Here are the most annoying news stories of 2016, covered with aplomb by our media houses.

 

1. The Padmavati Controversy

It’s funny that the present government projected itself as pro-youth, pro-development – and yet it has failed to curb in death threats by parties affiliated to them. Every leader worth his saffron shawl began throwing death threats at the filmmaker.

What is absurd is that the controversy could have been nipped in the bud if it wasn’t awarded the kind of coverage it attained. But we know that anything pertaining to Bollywood in India is news-fodder. And the citizens are cows that will chew upon it, ruminate, and bring it out in a few days even though they haven’t fully digested what was served to them.

The Padmavati controversy is absurd on three basic levels – 1. Nobody has even seen the goddamned movie. So, nobody really knows what the film shows. How can you be offended by something that you haven’t seen?  It’s like me getting offended by Siddharth Malhotra’s acting skills – there aren’t any to begin with!

The second reason is that the filmmaker has clearly stated that the two leads don’t meet in the movie. They have no lines together, not even a single scene. Is it the idea that the evil emperor thought about the queen that offends these morons?

The third and most tragic reason is that Padmavati is not even a real person! There is no substantial proof of there being a queen like this. All the accounts of the queen are from poems and folklore. What next? We have protests for Tenali Raman and Santa-Banta?

What is tragic is that the government sat like a limp duck as the controversy raged on. Not one of our esteemed leaders bothered to assuage the fears of the filmmaker. Death threats, violence, vandalism – not a single arrest was made, nobody was held accountable.

And the media had a field day!

 

2. The Government’s Masturbatory Propaganda

2017 was filled with news and articles on how terrific GST was, on the numerous benefits of Demonetisation. And guess who the source was? The government itself!

Every single report that came from outside the country about demonetisation brought with it some criticism – ranging from mild to intense. And yet the government went on telling us how awesome its policies were.

This reminded me of all those ‘Khaana Khazana’ shows on television. Where Sanjeev Kapoor cooks up a dish, adds namak swaad anusaar, and then tastes the dish himself. Wah! Mazaa aagaya, Sanjeev Kapoor would exclaim, about his own dish.

 

3. Kangana Ranaut – Hrithik Roshan

It started as a kitchen fight, and become a national obsession. This was a topic that made me ashamed to be a journalist.

For more than a month, every single media house in the country went about publishing sordid details of the fight between Hrithik and Kangana.
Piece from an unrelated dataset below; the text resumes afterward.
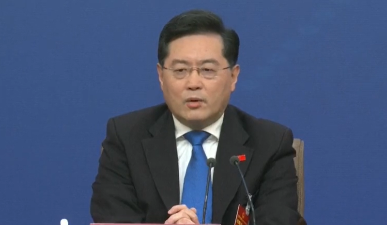 秦剛早上出席兩會期間的記者會,回答記者提問,指美方所謂的「競爭」,是全方位的遏制、打壓,是你死我活的零和博弈。

Open letters and closed mails, fan clubs and Twitter trends – you’d imagine for a moment that India had solved all its problems and had nothing else to worry about.

What was even more shocking was that the entire issue was given slants of feminism.

 

4. Taimur breaking the Internet

Among last year’s useless controversies was the naming of Taimur. If Taimur the name should be avoided because the man was violent, so should Ashok and Parshuram.

This year, our media decided to splash us with images of Taimur breaking the Internet. The kid has broken the Internet so many times, you’d need Dr. Fixit to fix the Internet. At an age when he should be breaking toys and cutlery, the kid has been under constant media scrutiny. I fail to wrap my head around the obsession with star-kids in our country.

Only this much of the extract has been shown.